(Records from a dataset)
● ● ● ● ●

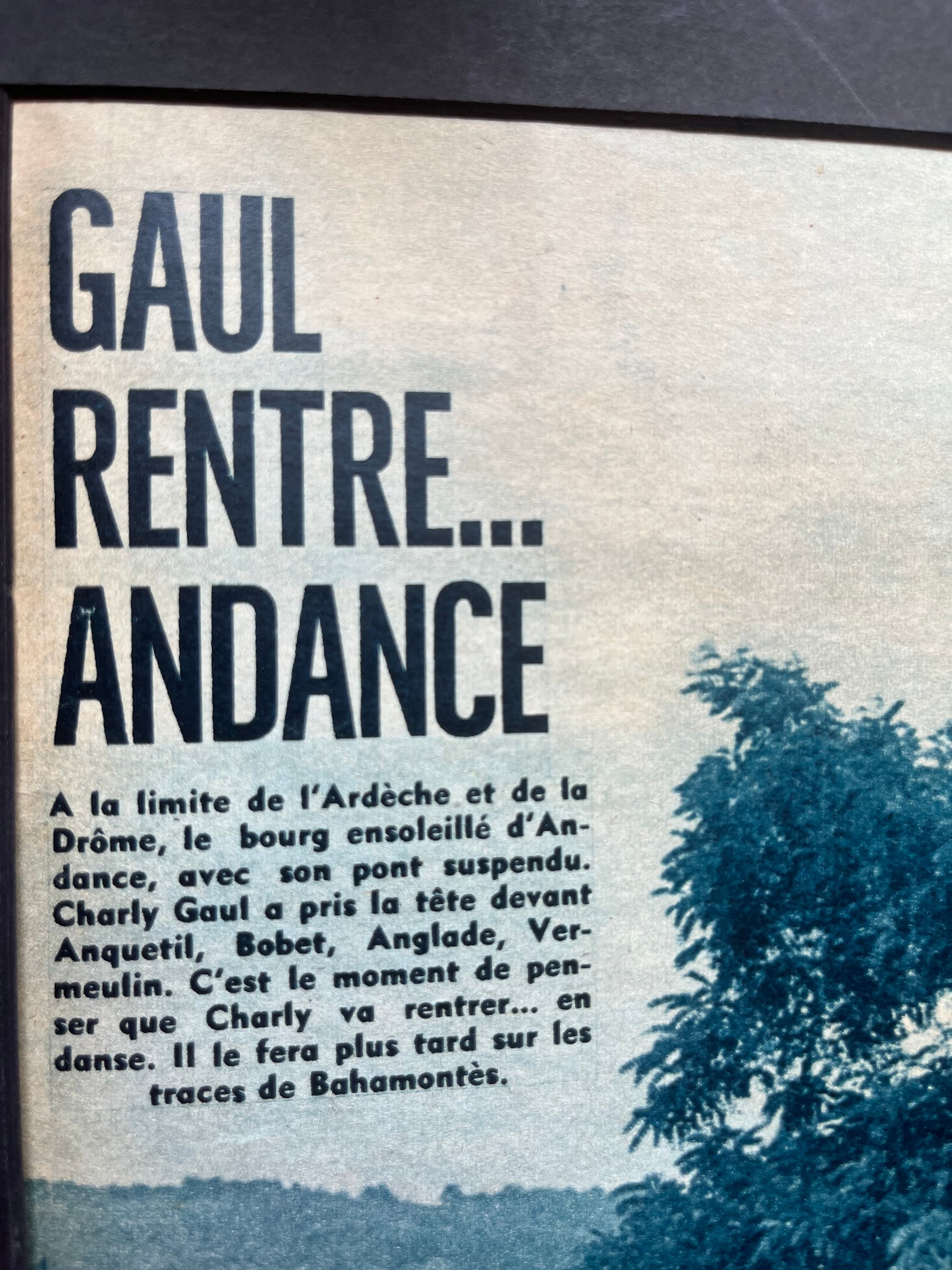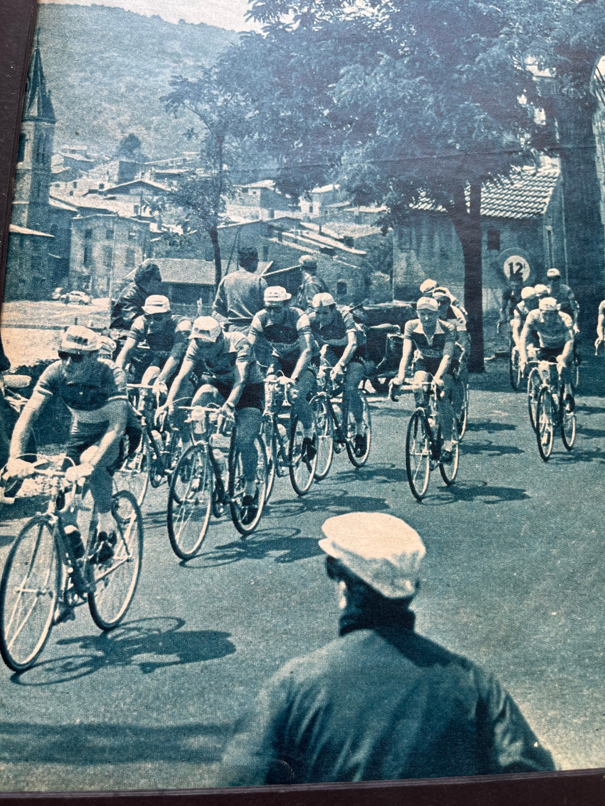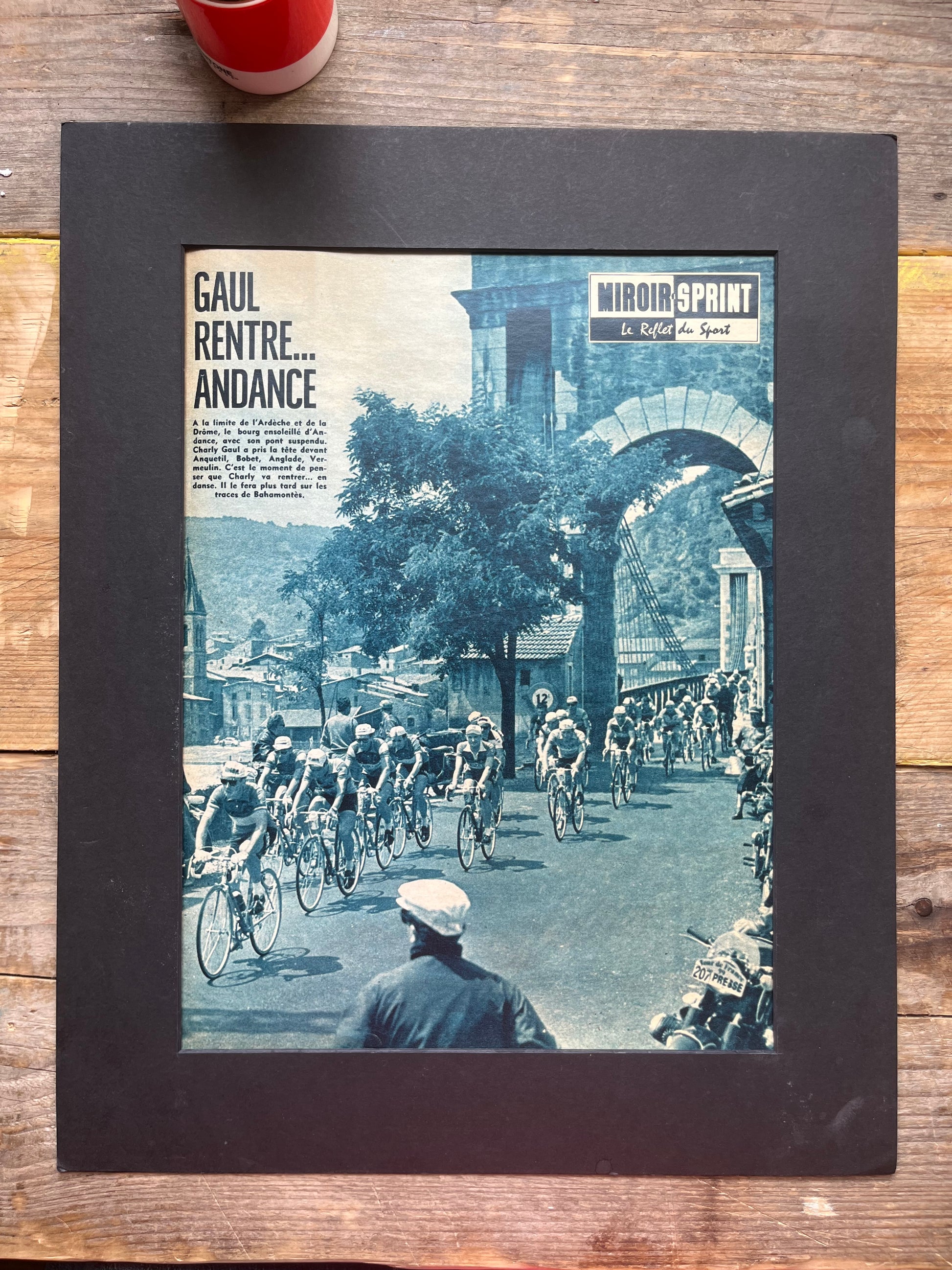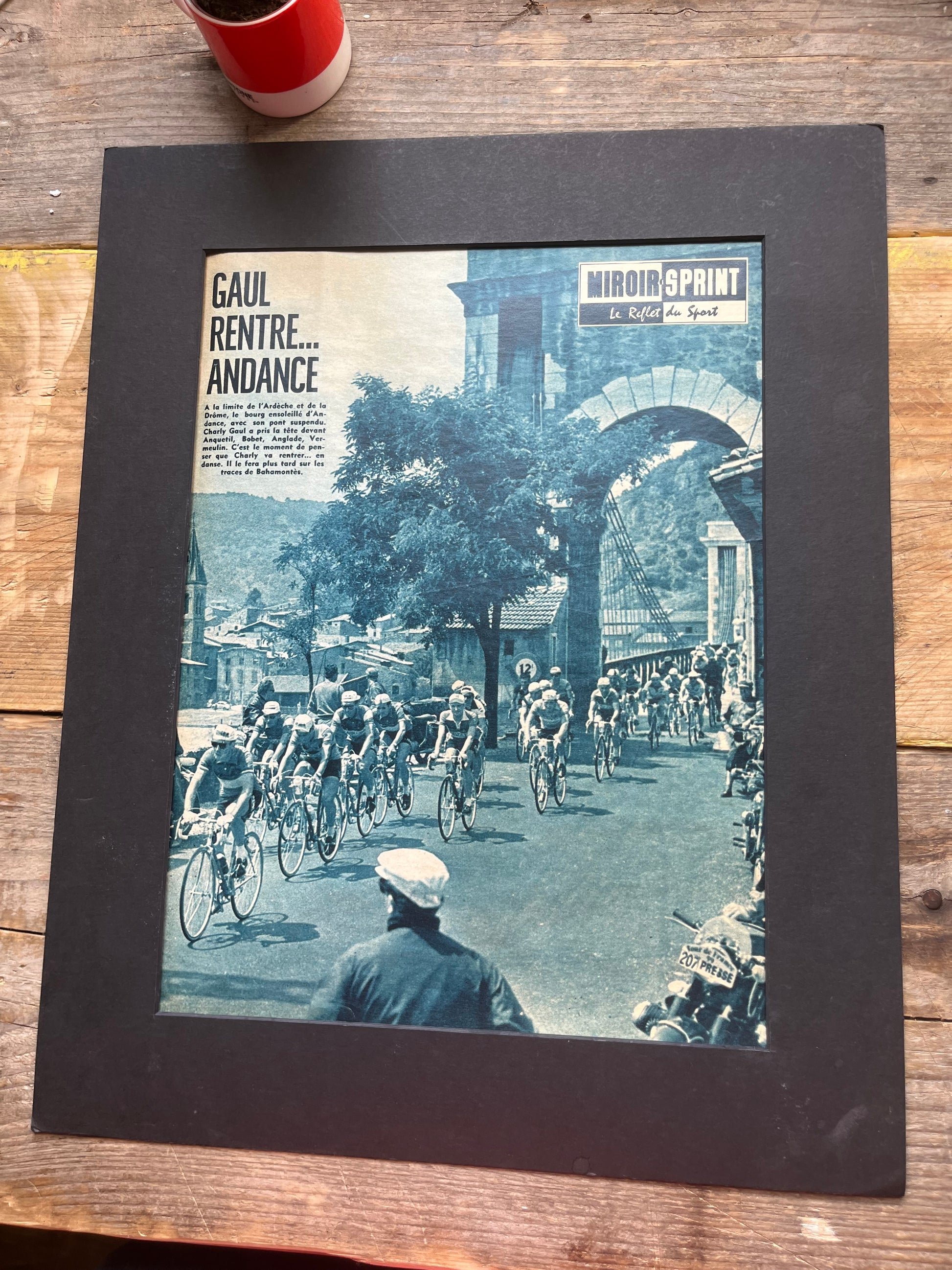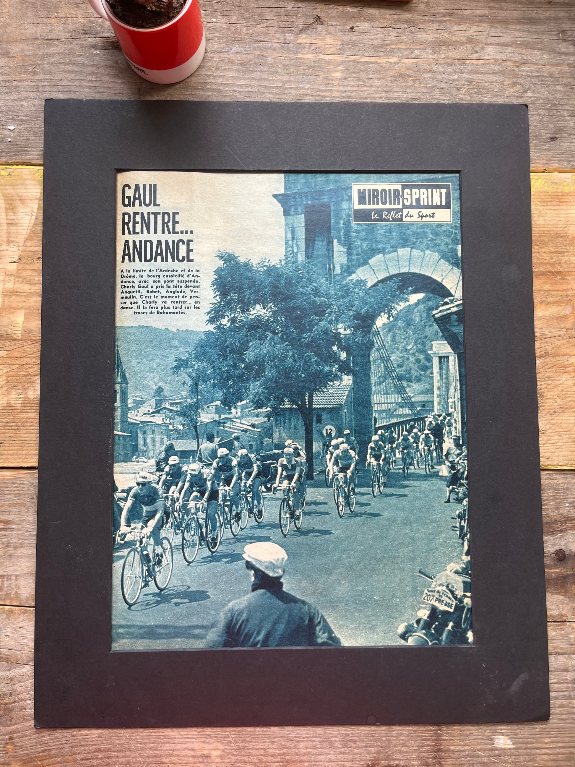 Iconic and rare original late 1950s French cycling magazine print showing the peloton passing through Andance, in the Ardeche region. Riders include Charly Gaul and Federico Bahamontes.
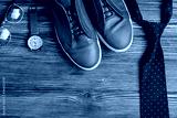 Top view of mens brown casual shoes, tie, wristwatch and glasses on wooden background
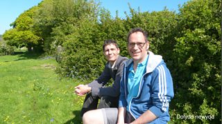 Dolydd y Botanegydd Trevor Dines a Math Williams yn ei holi
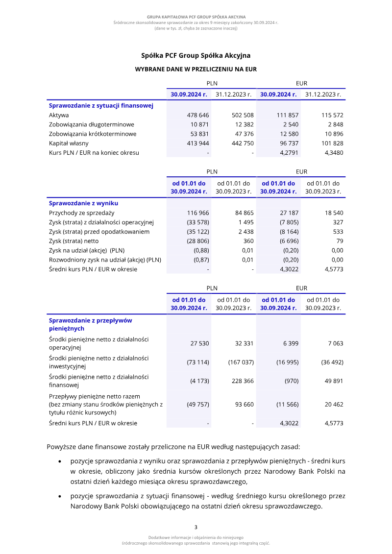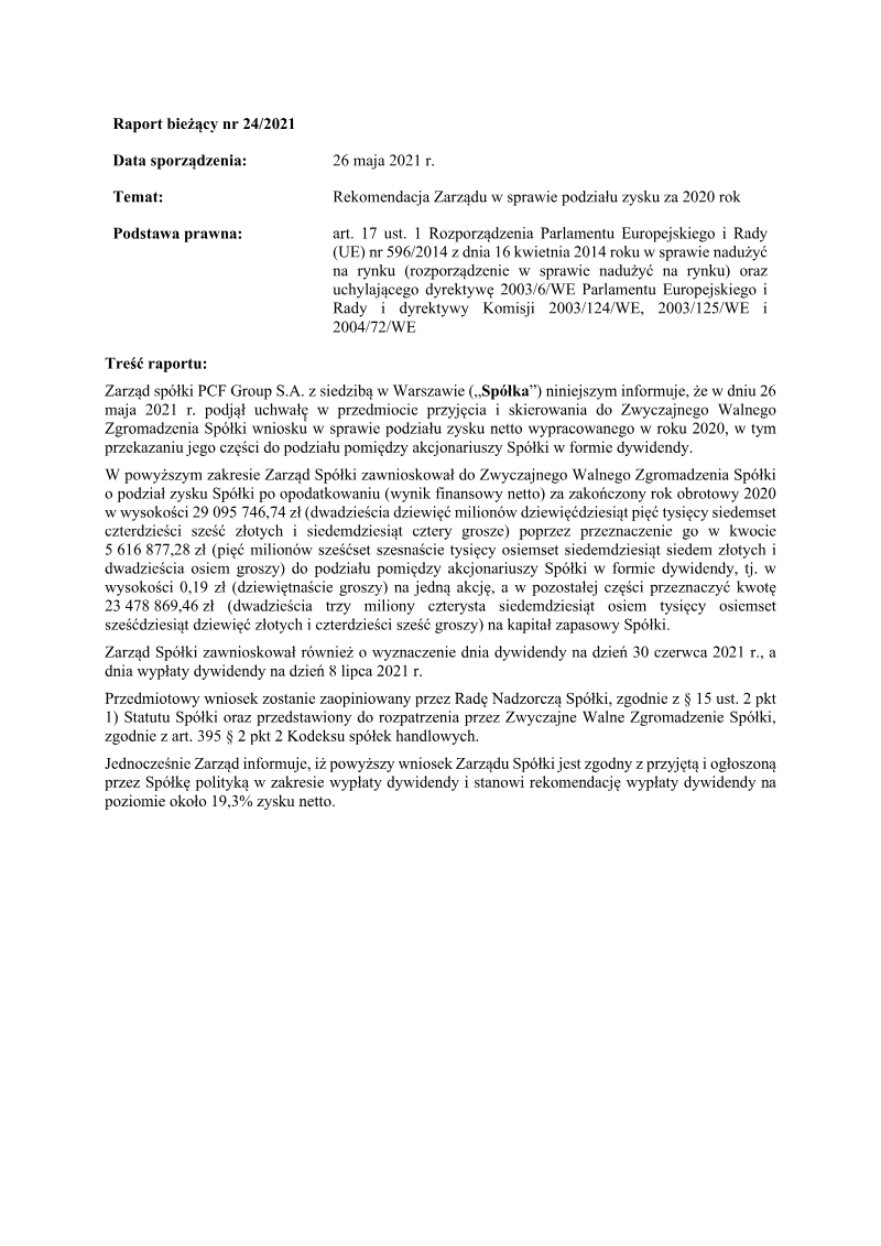 The report details the completion of PCF Group S.A.’s public subscription for 2,062,512 new Series B shares and the simultaneous sale of an equal number of existing Series A shares. The transaction aimed to secure listing on the Warsaw Stock Exchange and involved all 27,500,000 existing Series A shares. The subscription period ran from 26 November to 3 December 2020 for individual investors and employee‑shareholder tranches, while institutional investors were engaged from 27 November to 9 December. Allocation occurred on 11 December, with all offered shares fully distributed. The offering was structured into three tranches: individual investors (price 46.00 PLN), employee‑shareholder tranches (41.40 PLN), and institutional investors (50.00 PLN). Employee‑shareholder bids were treated preferentially, and a 98.486 % reduction applied only to individual investor bids for new shares. Institutional investors received both new and existing shares, with 284 institutions subscribing to the sale of existing Series A shares. Total subscription volume for new shares reached 42,310,783 bids across all tranches, while the sale of existing shares attracted exactly 2,062,512 bids from institutions. Allocation matched the offered quantities: 2,062,512 new shares and 2,062,512 existing shares were issued. The average price for new shares varied by tranche, with the institutional tranche at 50 PLN, resulting in a subscription value of approximately 100.29 million PLN and a sale value of about 103.13 million PLN. The report notes that detailed cost breakdowns and final pricing will be disclosed in subsequent filings, as the company has not yet finalized all expense items. The transaction represents a significant capital‑raising effort, expanding the company’s share base and facilitating its entry onto Poland’s regulated market.
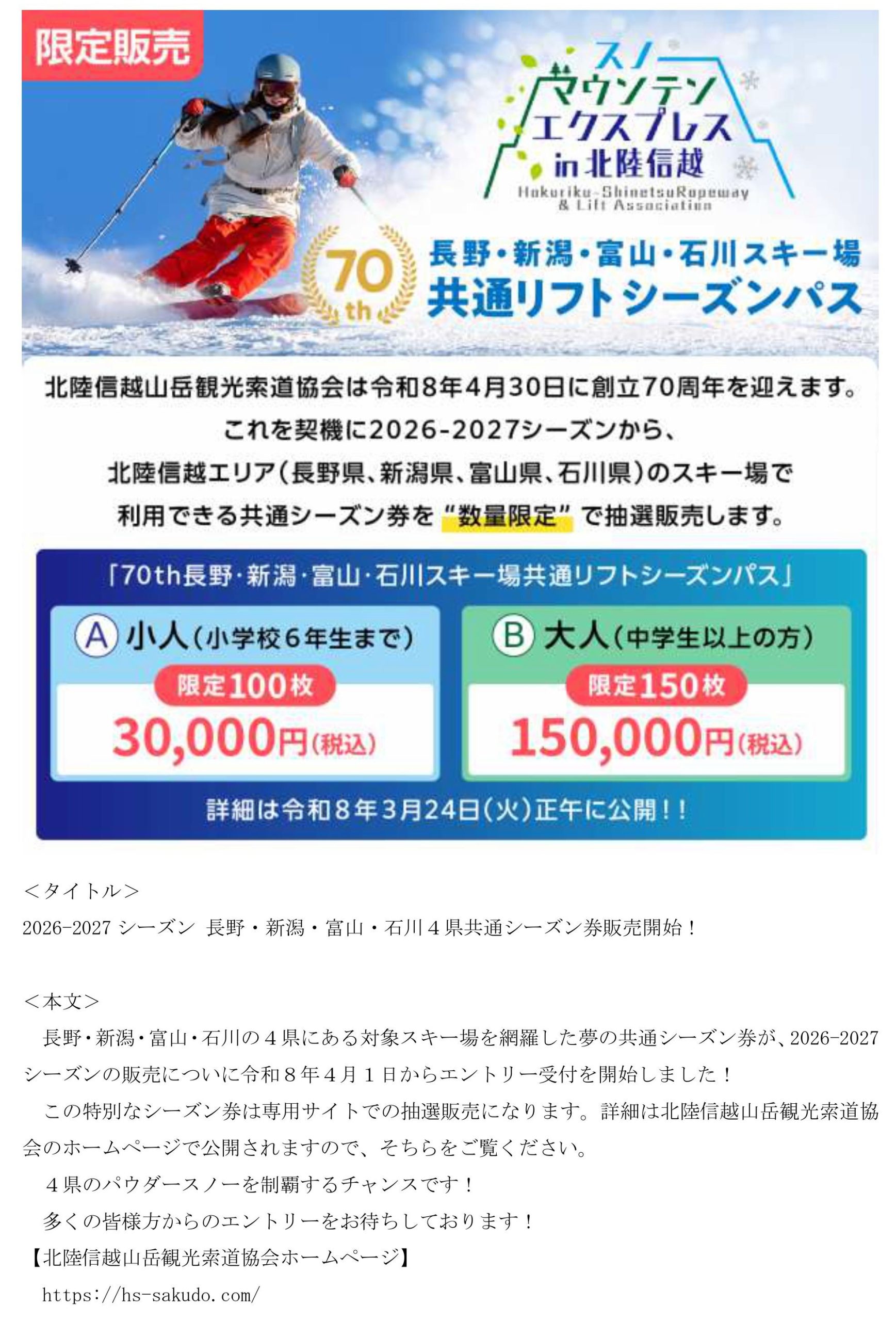 長野・新潟・富山・石川スキー場共通リフトシーズンパス
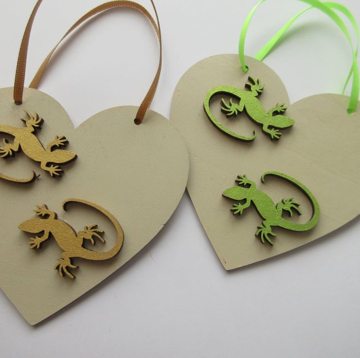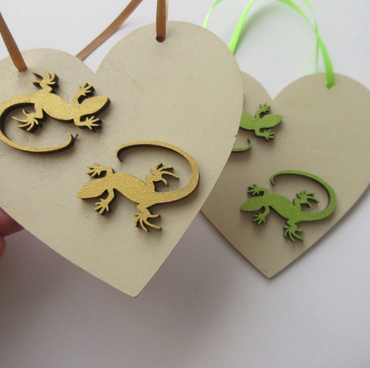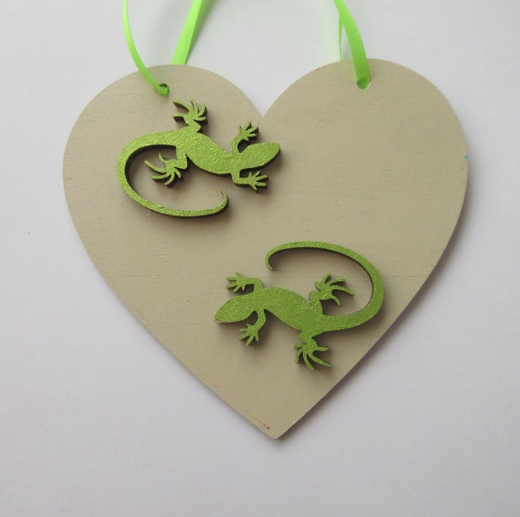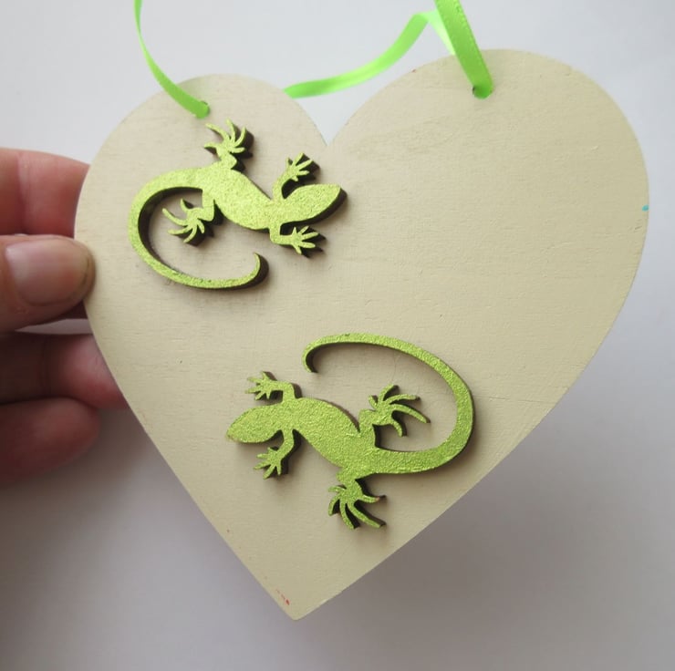 This is a wooden heart, embellished with two wooden reptile shapes.

● ● ● ● ●

- _TASK OBJECTIVE_: From the first line of the entries above down to the line holding "Dolydd y Botanegydd", quote each line exactly and nothing else, skipping pictures.

- _YOUR SOLUTION_:
 Iconic and rare original late 1950s French cycling magazine print showing the peloton passing through Andance, in the Ardeche region. Riders include Charly Gaul and Federico Bahamontes.
 Top view of mens brown casual shoes, tie, wristwatch and glasses on wooden background
 Dolydd y Botanegydd Trevor Dines a Math Williams yn ei holi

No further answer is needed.